Head 2: Focuses on relationships (Who is "it"?).
Head 3: Focuses on tone (Is this angry?).
Feed-Forward Network: The model passes this information through its weights (the logic learned during training) to refine the understanding.
Finally created context vector (The meaning of the input text)
Decoder
Purpose: To take the "map" from the Encoder and generate the output text, step-by-step.
Step 1: Input Processing (The Setup)
The Decoder takes the list of words it has generated so far: ["<Start>", "The", "Giant"].
Embedding: It turns "Giant" into a vector (a list of numbers representing the meaning of Giant).
Positional Encoding: It adds a "timestamp" to the vector so the model knows "Giant" is the 3rd word in the sentence.
Step 2: Masked Self-Attention (The Internal Check)
Action: The Decoder looks at the input
["The", "Giant"].The Mask: It deliberately blocks out any future positions (so it can't see what hasn't been written yet).
The Logic: It calculates how "The" and "Giant" relate to each other.
It determines that "Giant" is an adjective modifying "The."
It establishes the expectation: "I have an Adjective. I need a Noun next."
Result: The vector for "Giant" is updated to include this grammatical context.
Step 3: Cross-Attention (The Fact Retrieval)
Action: The Decoder takes this updated "Giant" vector and looks at the Encoder’s Context Vector (the map of the original source sentence).
The Query: "I am at the word 'Giant'. What concept in the original map corresponds to this?"
The Match: The Attention mechanism finds a high match with the concept "Apple" in the Encoder's map.
Result: It pulls the "Apple" information into the Decoder.

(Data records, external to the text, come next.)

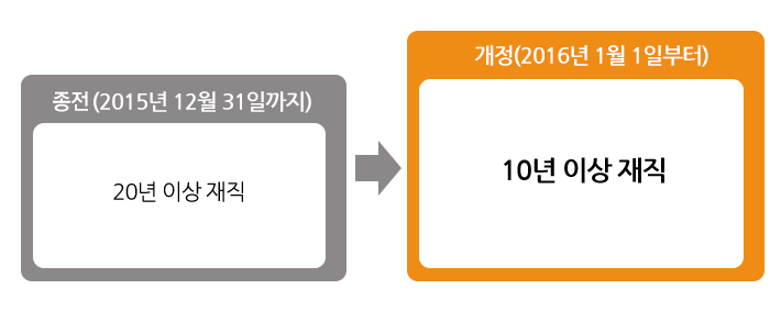 ■ 최소 재직기간(재직기간 하한)은 10년이다. 2016년1월1일 이후. 이전에는 20년이었음.
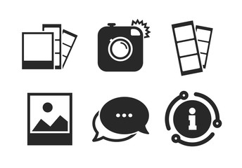 Flash light symbol. Chat, info sign. Hipster photo camera icon. Photo booth strips sign. Landscape photo frame. Classic style speech bubble icon. Vector
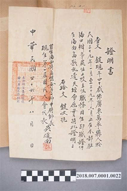 文鍵臺灣省立臺中高級家事商業職業學校教職人員聘派用審查證明文件集 -
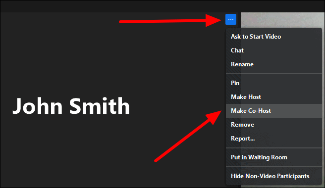 There are two ways of adding a co-host in a Zoom meeting. One is to make someone co-host directly from their video feed, or from the ‘Participants’ panel.
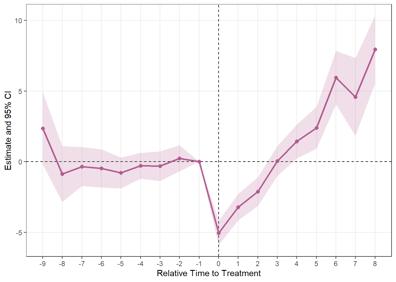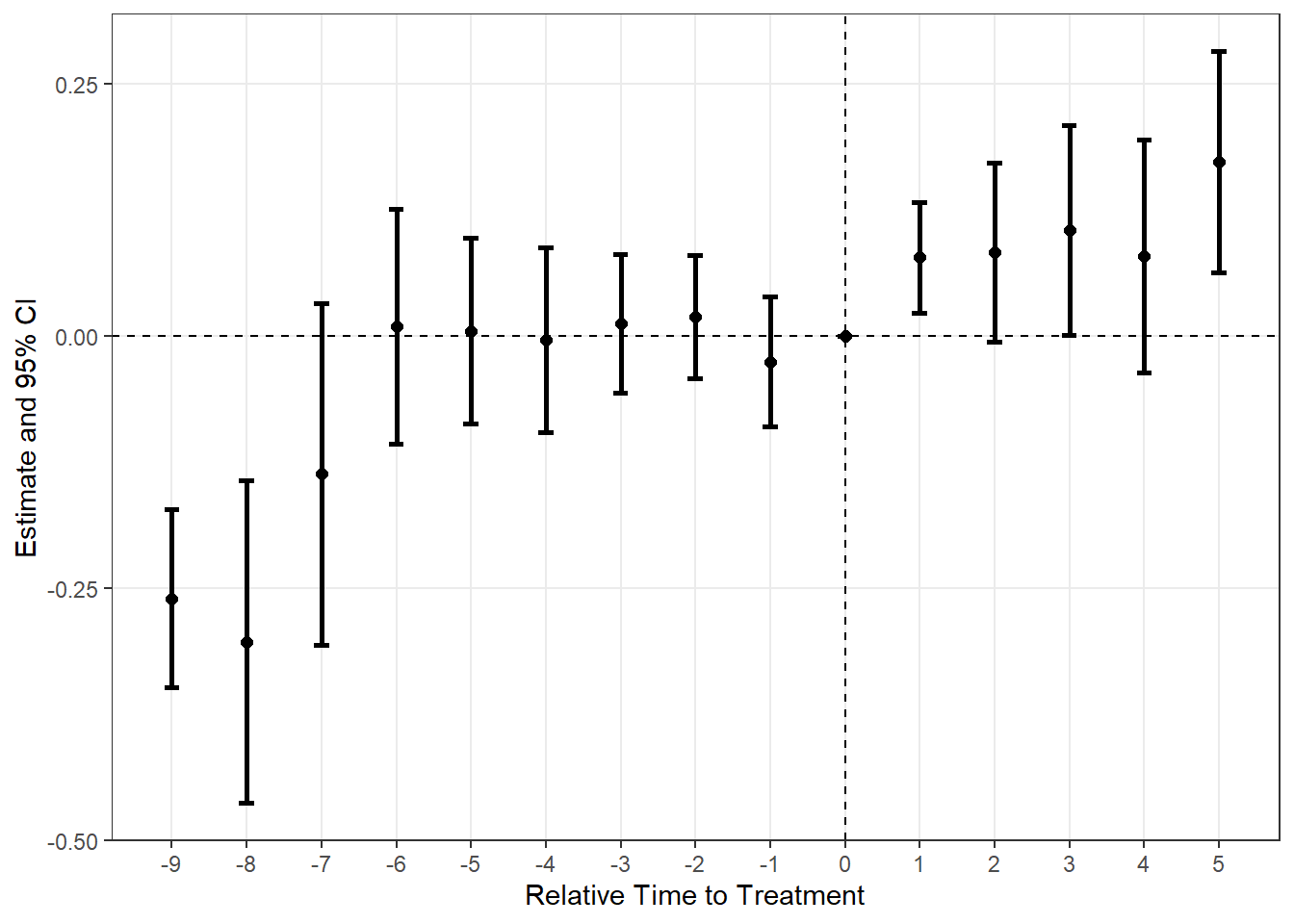 これまでは処置個体において処置タイミングが同一のベーシックなイベントスタディにのみ対応していましたが、アップデートを経て各個体で処置タイミングが異なる、いわゆるStaggered DiDにおけるイベントスタディにも対応しました。
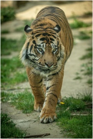 A powerful Bengal tiger strolls confidently on a forest path, showcasing its majestic stripes.
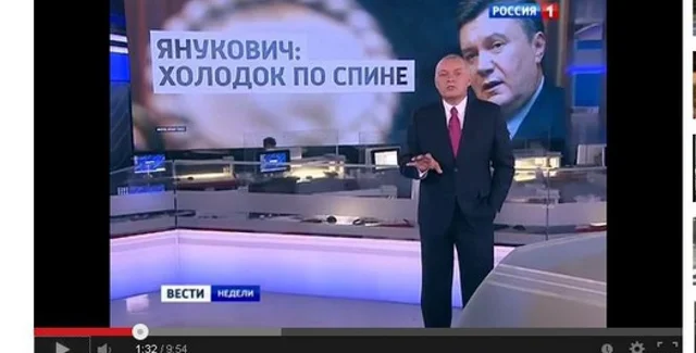 В частности, Киселев называет лидеров ЕС "новыми начальниками" Виктора Януковича, которые "отдают приказы" освободить Юлию Тимошенко.
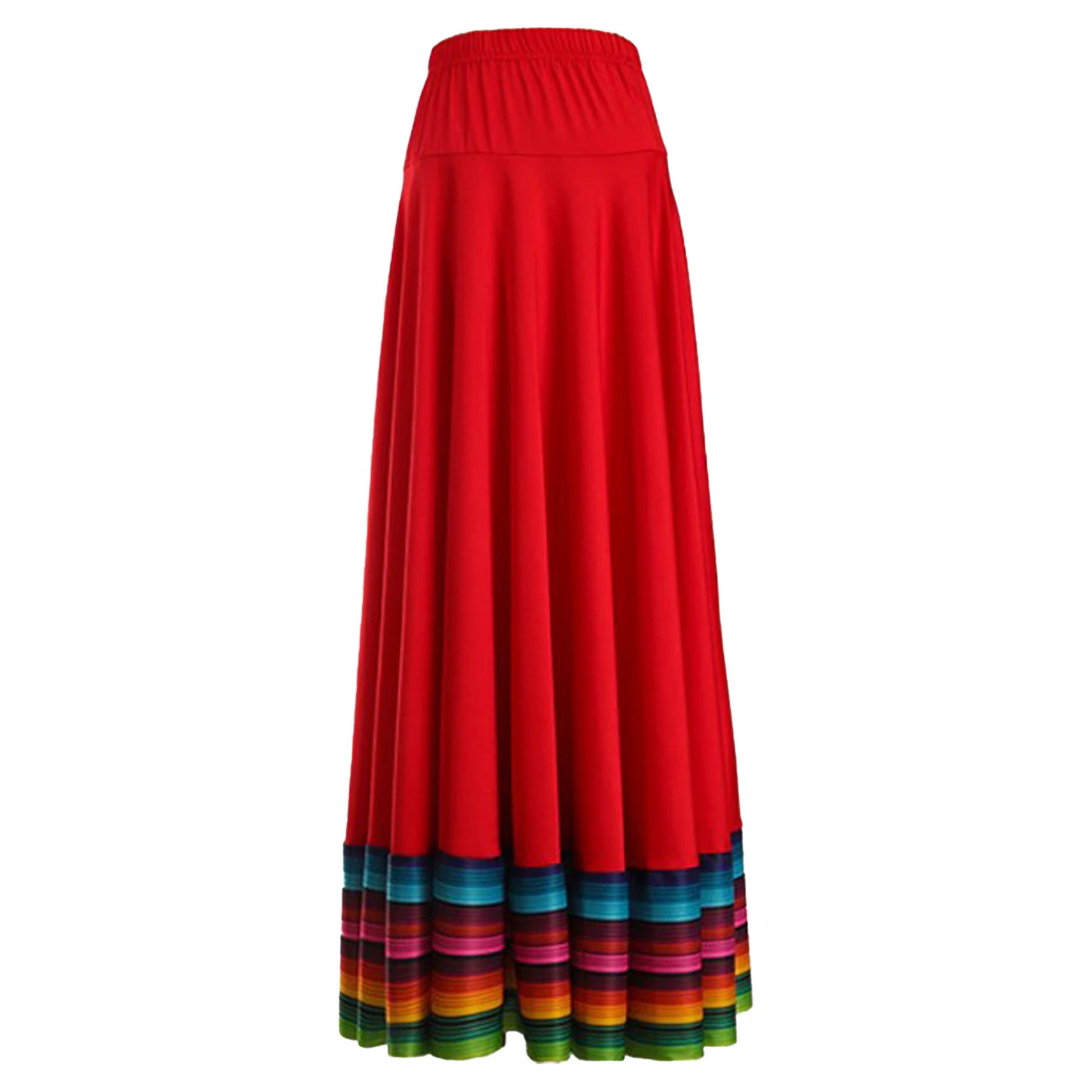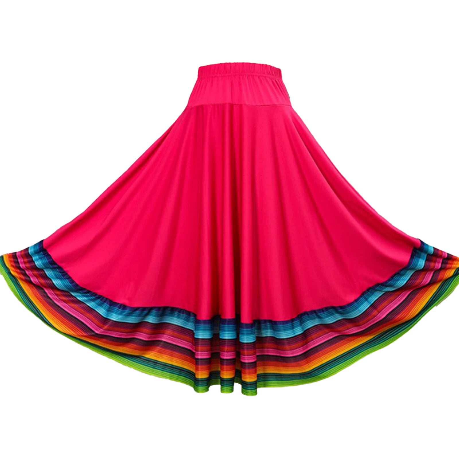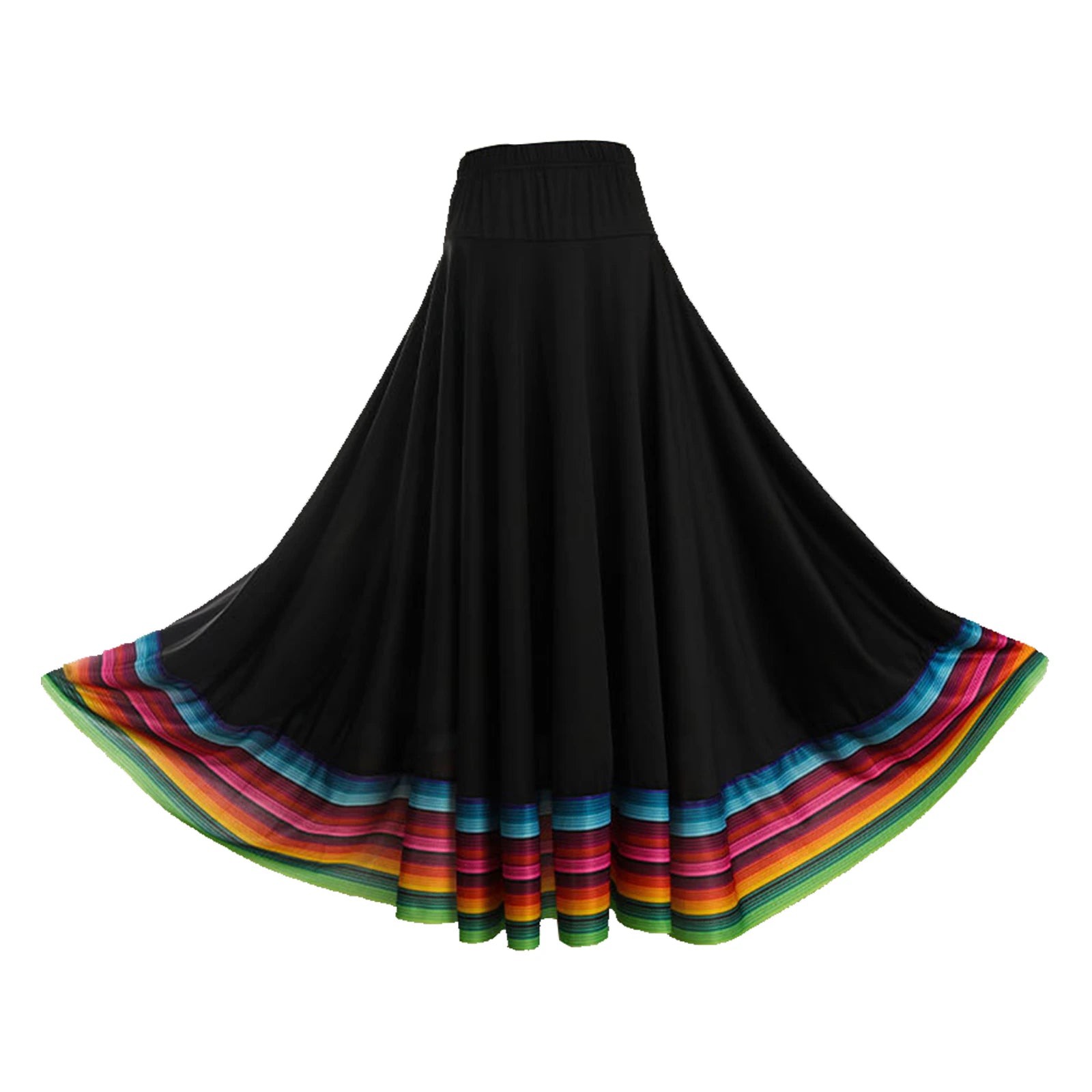 Tanzrock für Damen mit hoher Taille, dem breiten Saumdesign und den bunten Streifen an der Unterseite ist er perfekt zum Wirbeln und Tanzen.
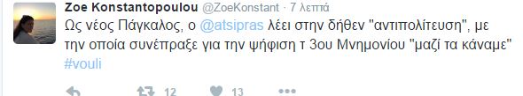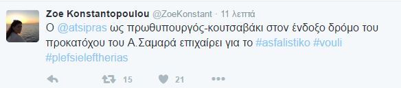 Την ομιλία του Πρωθυπουργού Αλέξη Τσίπρα, στη Βουλή για το ασφαλιστικό, σχολιάζει η επικεφαλής της Πλεύσης Ελευθερίας και πρώην Πρόεδρος της Βουλής, Ζωή Κωνσταντοπούλου με αναρτήσεις που κάνει στον προσωπικό της λογαριασμό στο Twitter.
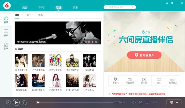 六間房直播伴侶是一款由六間房直播官方打造的適用于六間房主播使用的一款直播伴侶,該工具支持?jǐn)?shù)萬人同時(shí)在線視頻聊天、在線K歌跳舞、視頻交友,上線后深受視頻直播用戶的推崇,獨(dú)創(chuàng)640*480高清畫質(zhì)、美膚瘦臉、畫中畫等全新功能,用戶只要打開軟件,就可以卡拉ok,選歌簡單便捷,錄音效果很好,錄制后的視頻可以分享給好友觀看!

The vector now contains the meaning of the word it wants to say.
Step 4: Feed-Forward Network (The Processing)
Action: The "Apple" vector passes through the Feed-Forward neural network.
The Logic: This is where the model applies its "Deep Learning" logic (weights).
It refines the vector.
It resolves specific details (e.g., "Should it be 'Apple' or 'Apples'? Well, the source was singular, so keep it singular.")
Result: A highly polished vector that represents the perfect next concept.
Step 5: Linear Layer (The Vocabulary Check)
Action: The Decoder takes that polished vector and compares it against its entire Dictionary (e.g., 50,000 possible words).
The Math: It performs a massive multiplication.
How much does this vector look like "Aardvark"? (Score: 0.01)
How much does this vector look like "Banana"? (Score: 3.5)
How much does this vector look like "Apple"? (Score: 15.2)
Result: A list of raw scores (called Logits) for every word in the dictionary.
Step 6: Softmax Function (The Probability)
Action: It turns those raw scores into percentages.
Result:
Apple: 94%
Pear: 4%
Car: 0.001%
Step 7: Selection (Decoding Strategy)
Action: The computer picks the word.
Greedy Search: Picks the highest number (94% -> "Apple").
Temperature Sampling: Sometimes picks a slightly less likely word to be "creative" (e.g., might pick "Pear").
Final Output: The word "Apple" is printed on the screen.
Relationship between Transformer and LLM
LLM is trained by transformer architecture of deep learning
When using transformer way, each token can be processed in parallel to understand its meaning with large data set.
Furthermore, as the input is processed at once instead of sequential call with RNN, so it can keep of the context to truly understand the meaning.
Old Way: Like one teacher grading 1,000 tests one by one. (Slow, cannot be rushed).
Transformer Way: Like hiring 1,000 teachers to grade 1,000 tests simultaneously. (Done in seconds). So more gpu are required and more expensive
Token & Tokenizer
A Token is the smallest unit of text that a model can process. Sometimes, it is a word / part of a word / character
The Tokenizer is the standalone software/tool that sits in front of the Transformer.
Its only job is to translate Human Text into Token IDs for the consumption of embedding layer.
So, specific tokenizer is only corresponding for the specific embedding model in order to understand the token id correctly.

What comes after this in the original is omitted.